For biomedical applications, any protective coating on Mg should be non-toxic and have an improved bioactivity [4]. The in vitro cell test results revealed poor cellular responses on the bare Mg. More importantly, a much lower number of cells were observed on the bare Mg compared to the coated Mg, and the cells exhibited very slow adhesion progress. The osteoblast adhesion on material surfaces involves various biological molecules that interact together in order to induce the signal transduction and consequently regulate the subsequent cell response [40]. However, the cell adhesion processes were hindered on the bare Mg because of the corrosion reactions, resulting in the hydrogen evolution and an increase in the pH. The cells exhibited better adhesion on the coated Mg, and the proliferation (P < 0.001) was significantly enhanced compared to the bare Mg. Moreover, the HA coating exhibited a higher ALP activity level than the bare Mg (P < 0.001) and the MgF2 coating (P < 0.005). The cell proliferation was favorable even on the inert MgF2 coating layer because the Mg corrosion reaction was inhibited during the cell culturing. For the cell differentiation, the bioactivity of the surface material affected the ALP activity level in addition to the corrosion protection. A large number of reports have shown that the HA coating enhances the osteoblastic cell differentiation and expresses a high ALP activity [4143]. In this study, the HA coating with the MgF2 interlayer significantly improved the biocompatibility of Mg.

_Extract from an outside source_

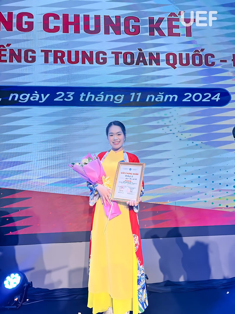 Năm vừa qua là một năm mà em gần như thoát khỏi "vùng an toàn" của mình. Em được các anh chị đi trước tin tưởng giao phó vị trí Bí thư Liên chi Đoàn khoa Ngôn ngữ và Văn hóa quốc tế, được đảm nhận vai trò Phó Chủ nhiệm CLB Hán ngữ UEF, điều này đã làm cho cuộc sống ở đại học của em phong phú hơn rất nhiều. Bên cạnh đó, em có tham gia một số cuộc thi về văn hóa nghệ thuật, học thuật,... và may mắn đều nhận được giải trong cuộc thi. Đặc biệt nhất là cuộc thi Hùng biện tiếng Trung toàn quốc tại Đà Nẵng, em đã đạt được giải Nhì chung cuộc, em thật sự rất vui và bất ngờ. Cũng trong năm 2024, có một chuyến đi để lại nhiều kỷ niệm trong em - Mùa hè xanh UEF tại Bến Tre. Nhờ có chuyến đi này, em được trải nghiệm nhiều hơn những điều chưa biết và kết nối nhiều hơn những người mà em chưa quen.

The animal test results clearly demonstrated the positive effects of the HA coating along with the MgF2 interlayer on the bioactivity of the Mg implant. After implantation for 4 weeks, the dimensions of the bare Mg implants changed in both the histological images and the micro-CT images. The implant thickness was partially reduced, and the original circular cross shape became irregular because of the in vivo Mg corrosion. In contrast, the morphology of the coated Mg implants was not much changed, indicating that the coating layers were effective in protecting the implants from the in vivo corrosion. The enhanced bioactivity that was observed in the in vitro cell tests was also validated by the in vivo tests. In the 3-dimensional micro-CT images, a larger bone-implant contact area was clearly observed for the coated specimens. Furthermore, a higher BIC ratio was measured based on the histological images, thus confirming that the HA coating enhanced the bone tissue responses to the implant. The bioactive HA coating layer can also increase the bone-implant interaction and create better bone contact [43, 44]. The above in vitro and in vivo results ascertained that the HA coating with the MgF2 interlayer significantly reduced the Mg corrosion and improved the biocompatibility. Finally, it is of note that the HA and the MgF2 layers are not perfectly inert in the SBF solution or in animal body. They are just relatively stable compared to the Mg substrate, so that after some period of time, they are supposed to be absorbed leading to the exposure of Mg substrate. Rapid biodegradation of Mg initiates at the moment of coating layer absorption and the absorption period is proportional to the thickness of HA coating layer. Further studies are needed to verify the influence of the HA coating thickness on the Mg corrosion initiation time.

5 Conclusions

The HA coating with the MgF2 interlayer was formed using a fluoride conversion coating technique and a subsequent aerosol deposition method. These coatings significantly improved the corrosion resistance and the bioactivity of Mg. The coating layers were uniform, dense and strongly adhered to the Mg substrate without any post treatment. The double coating layer effectively reduced the Mg corrosion rate and prevented the formation of any by-products in the SBF solution. The in vitro cell tests revealed that the coating significantly enhanced the cellular responses and the surface bioactivity. The in vivo results also demonstrated that the coating provided good in vivo corrosion protection and improved the bone responses. These results suggested that coating Mg with HA and the MgF2 interlayer is a promising approach that increases its potential as a biodegradable implant.